Identification of pathogens in the vitreous of patients with infectious uveitis by metagenomic sequencing

Abstract

Objective: To investigate the role of metagenomic sequencing in the diagnosis of infectious uveitis. Methods: Cross-sectional study. A total of 19 vitreous specimens of patients with suspected infectious uveitis from March 2016 to July 2018 in Beijing Tongren Hospital were collected, including 8 males and 11 females, 19 to 68 years old. There were 10 cases in the right eye, 8 cases in the left eye and 1 case in both eyes. Acute retinal necrosis was clinically diagnosed in 8 patients (9 eyes), and the diagnosis was unknown in 11 patients (11 eyes).
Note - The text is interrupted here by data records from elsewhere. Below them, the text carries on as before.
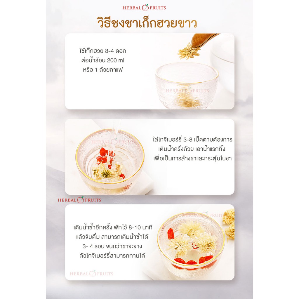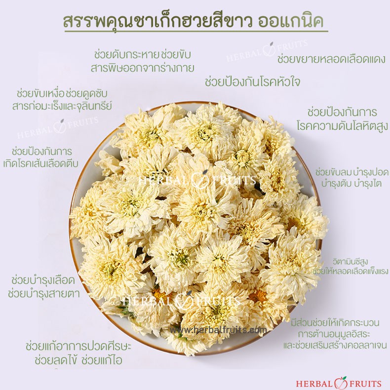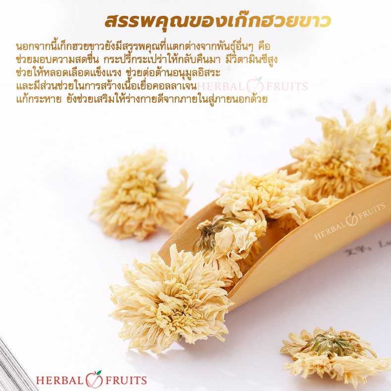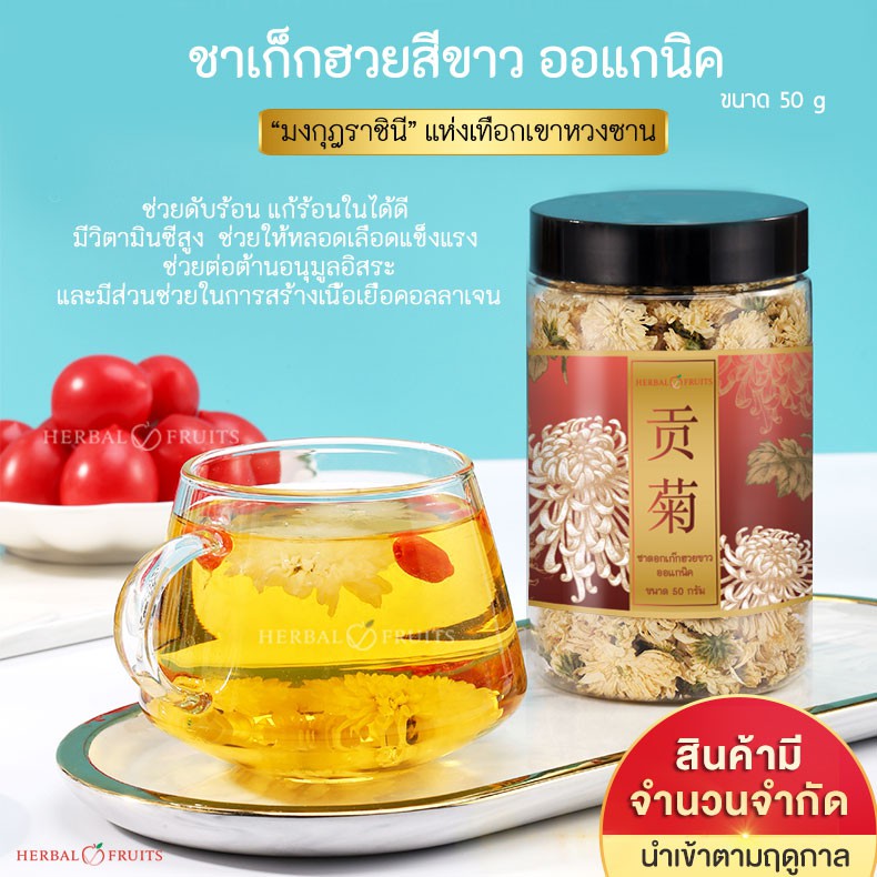 Herbal Fruits ชาดอกเก๊กฮวย พันธุ์ดอกขาว ออแกนิค ไม่แต่งกลิ่น สีและรส ปลอดสาร ขนาด 50 กรัม
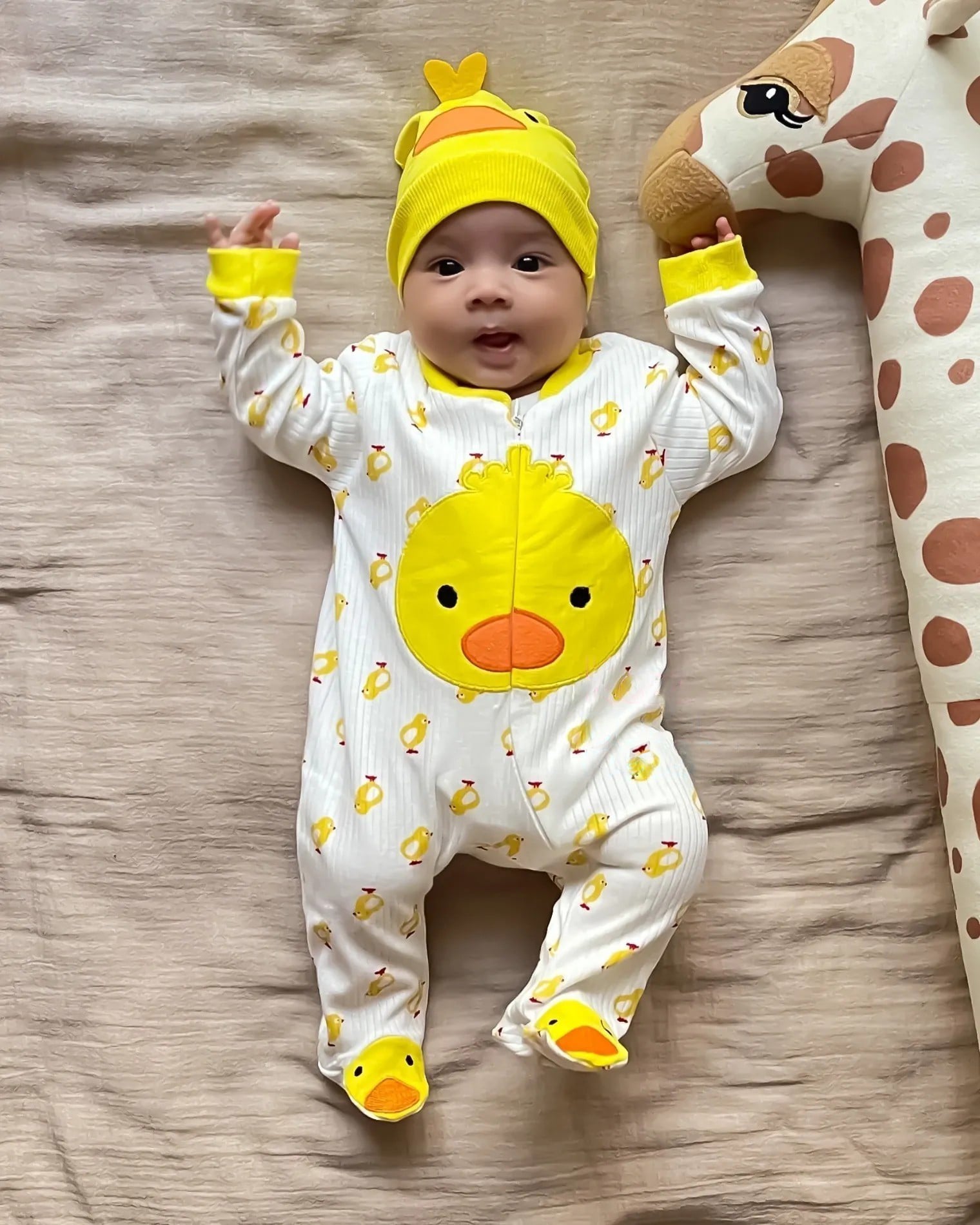 Φορμάκι με ανάγλυφο σχέδιο παπάκι. Το φορμάκι έχει άνοιγμα με φερμουάρ και στο τελείωμά του έχει κλειστά ποδαράκια. Το σκουφάκι είναι σε κίτρινο χρώμα με σχέδιο παπάκι.
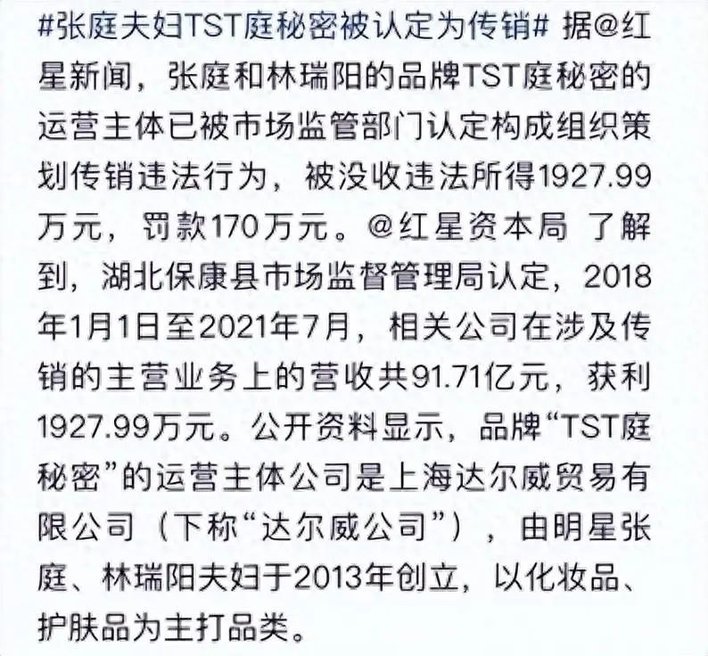 张庭和林瑞阳创办的“TST庭秘密”主推护肤、保养产品,依仗明星身份以及恩爱形象对外营销,短短一年时间就在朋友圈火爆。
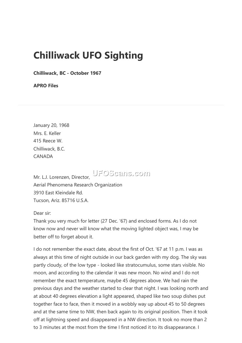 On January 20, 1968, Elizabeth Keller wrote to L.J. Lorenzen, the Director of the Aerial Phenomena Research Organization (APRO), to report a sighting she experienced in Chilliwack, British Columbia, around the first of October 1967. Keller, who was in her back garden with her dog at approximately 11:00 p.m., observed an object in the northern sky at an elevation of about 40 degrees. She described the object as being shaped like two soup dishes placed face-to-face, appearing as an oval-shaped light approximately 28 inches in size at arm's length. The object was partially obscured by thin stratocumulus clouds, and she noted there was no sound. During the observation, which lasted between two and three minutes, the object moved in a wobbly fashion, ascending 45 to 50 degrees toward the northwest before returning to its original position. It then departed at what she described as 'lightning speed' in a northwest direction. Keller, who possesses a background in photography and experience with 'kinotheodolite' equipment used by the Luftwaffe during World War II, as well as work for the Canadian Department of National Defence, expressed skepticism regarding UFOs, stating she is not a religious person or a fanatic. She noted that she initially felt annoyed by the possibility that she had seen a UFO, as she did not believe they existed. She requested that her name not be associated with the report due to the social stigma surrounding the topic in her community. The letter also includes a postscript explaining the technical function of a kinotheodolite.
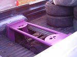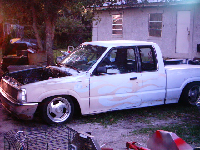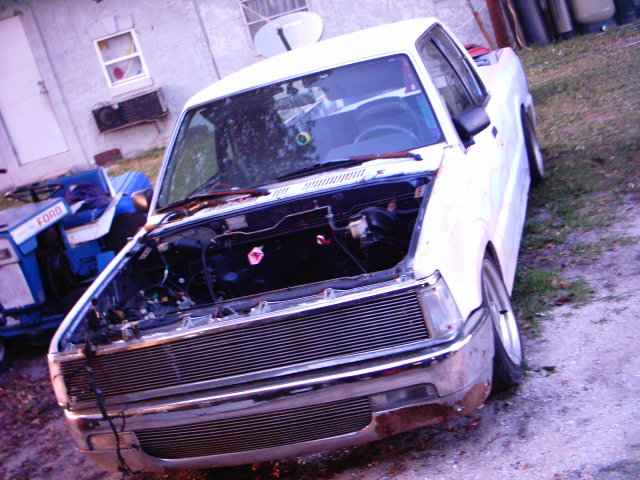 Light Gray Primer, with spray painted Pink flames on the driver side. Shaved Tailgate. Toyota 4-Runner Bumper. Full Billet Grill.
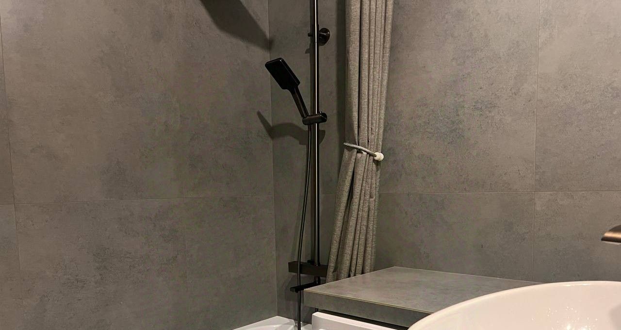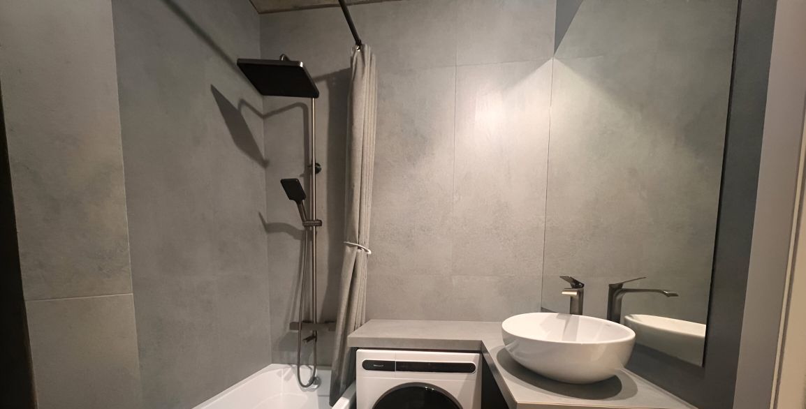 Ванная комната совмещена, оснащена ванной, тропическим душем, стиральной машинкой с сушкой, рядом с инсталляцией расположен гигиенический душ, около зеркала расположен потолочный светильник с теплым светом, что создает атмосферу и комфорт.
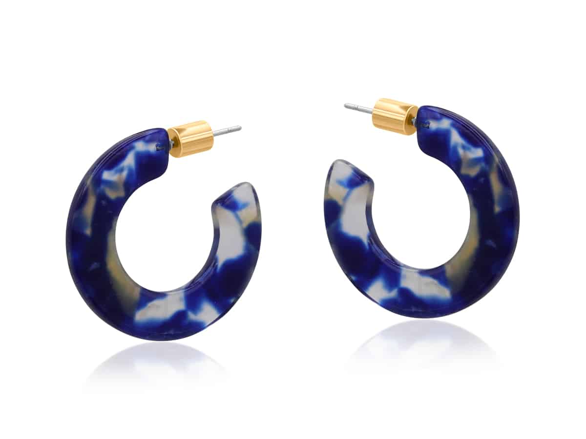 Add a pop of personality to your look with these chunky resin hoop earrings. Their bold rounded silhouette and statement-making patterns create a playful yet elevated finish, perfect for brightening up everyday outfits or adding a colourful accent to evening wear. Each pair is handcrafted using recycled resin sourced from surplus eyewear materials, making them as sustainable as they are stylish. Fitted with hypoallergenic surgical steel posts for comfort and all-day wear.
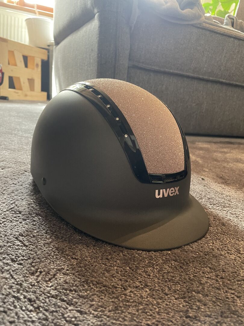 Kask jeździecki Uvex - Sprzedam mój 2x noszony kask jeździecki firmy Uvex w rozmiarze M-L. Jest bez upadków. W razie potrzeby można go również przymierzyć.
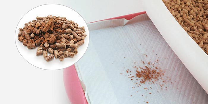 A.固める物質が添加されていない無添加の猫砂のため、おしっこで濡れた部分は崩れ、おがくず状になります。どんなタイプの猫トイレでもご利用いただけますが、すのこ式トイレがオススメです。
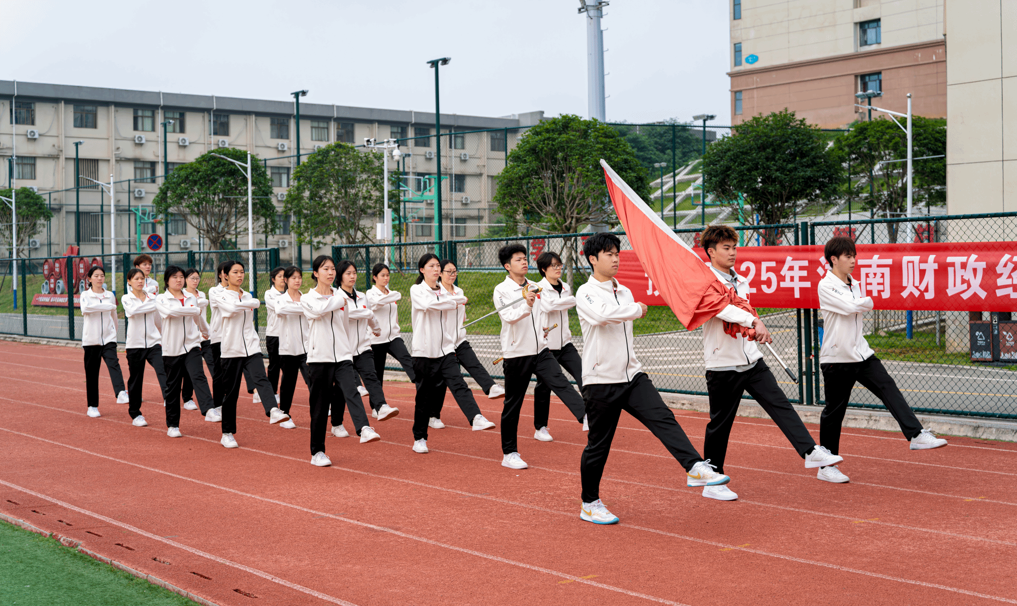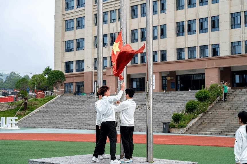 晨曦初露,国旗飘扬。2025年5月19日清晨,校国旗护卫队举行2024-2025第二学期第十三周升旗仪式。雷锋书院副书记黎红梅、正德学馆全体辅导员老师以及全馆学生参加本次升旗仪式。
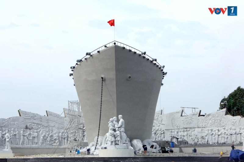 Sau hai năm thi công, tượng đài “Con tàu tập kết ra Bắc” đang dần hoàn thiện với điểm nhấn là bức phù điêu hình cánh cung được làm bằng đá khối granite. Phía trong thân tàu được thiết kế cầu thang lên xuống. Khu vực trong lòng tượng đài sẽ được bố trí như một bảo tàng thu nhỏ gồm các hiện vật sưu tầm và mô phỏng nội thất con tàu của Ba Lan, Liên Xô (cũ)…
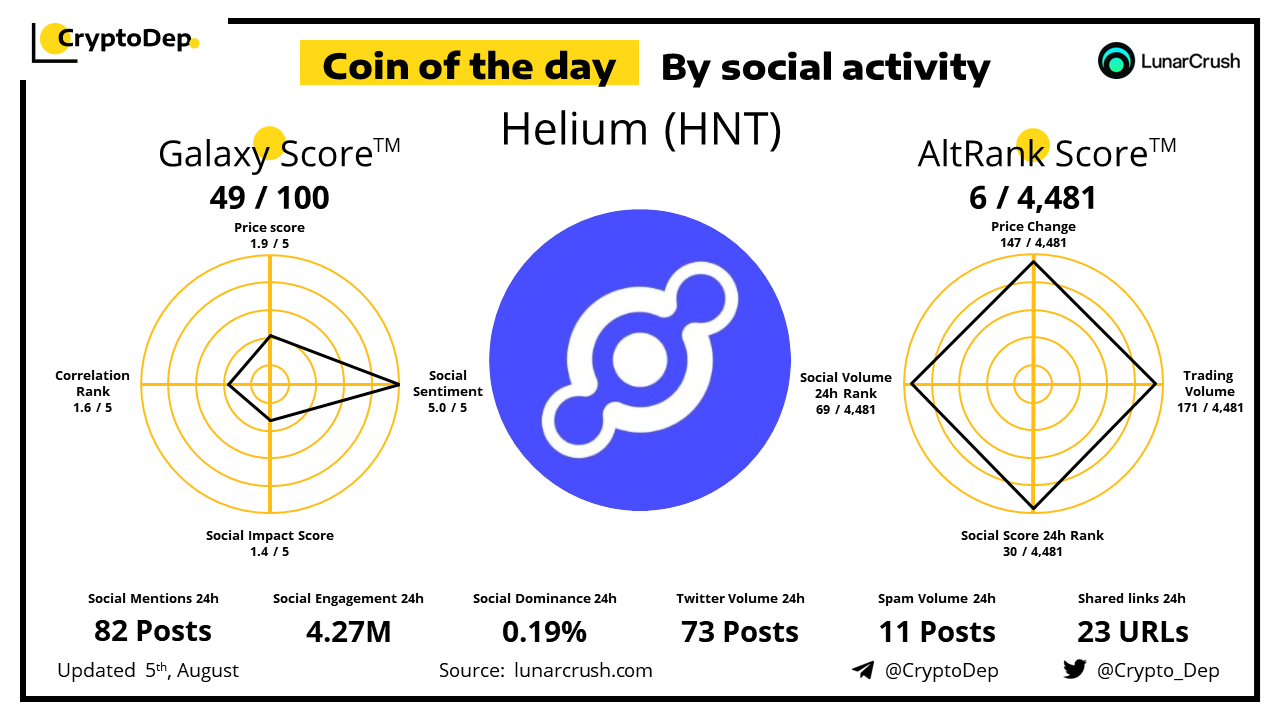 ββCoin of the day by social activity - Helium (HNT).

About 1 ml of the vitreous fluid was reserved for each specimen, 800 μl for metagenomic sequencing and 200 μl for real-time fluorescence quantitative PCR verification. The TIANamp Micro DNA Kit was used to extract the sample DNA for metagenomic sequencing, and the ultrasonic fragment was broken to 200-300 bp. The BGISEQ-500 platform was used for sequencing. The data with low quality and length less than 35 bp were cleared from the sequencing data to obtain high-quality data. Through biological authentication software, the reference human genome sequence and low complexity were removed from high-quality data. The data obtained were compared with a special microorganism database regarding the percentage of microbial sequences, the number of unique sequences, coverage and sequencing depth, so as to determine positive sequencing parameters, which were classified into bacteria, viruses, fungi and parasites. Real-time fluorescence quantitative PCR was performed to validate the accuracy. Results: A variety of microorganisms were detected by metagenomic sequencing in 19 specimens, including 3 cases of varicella zoster virus, 2 cases of Candida albicans, 1 case of Propionibacterium acnes and 1 case of Haemophilus parainfluenzae. The percentage of microbial sequences was 77.93% （1 794/2 302）, 99.98% （12 843/12 845） and 98.88%（5 733/5 798）, and the number of unique sequences was 1 794, 12 843 and 57 33 in varicella zoster virus cases, respectively. The verification of varicella zoster virus by PCR was consistent with that by metagenomic sequencing. Conclusion: Metagenomic sequencing can be used as an alternative method for laboratory diagnosis of infectious uveitis. (Chin J Ophthalmol, 2020, 56: 519-523).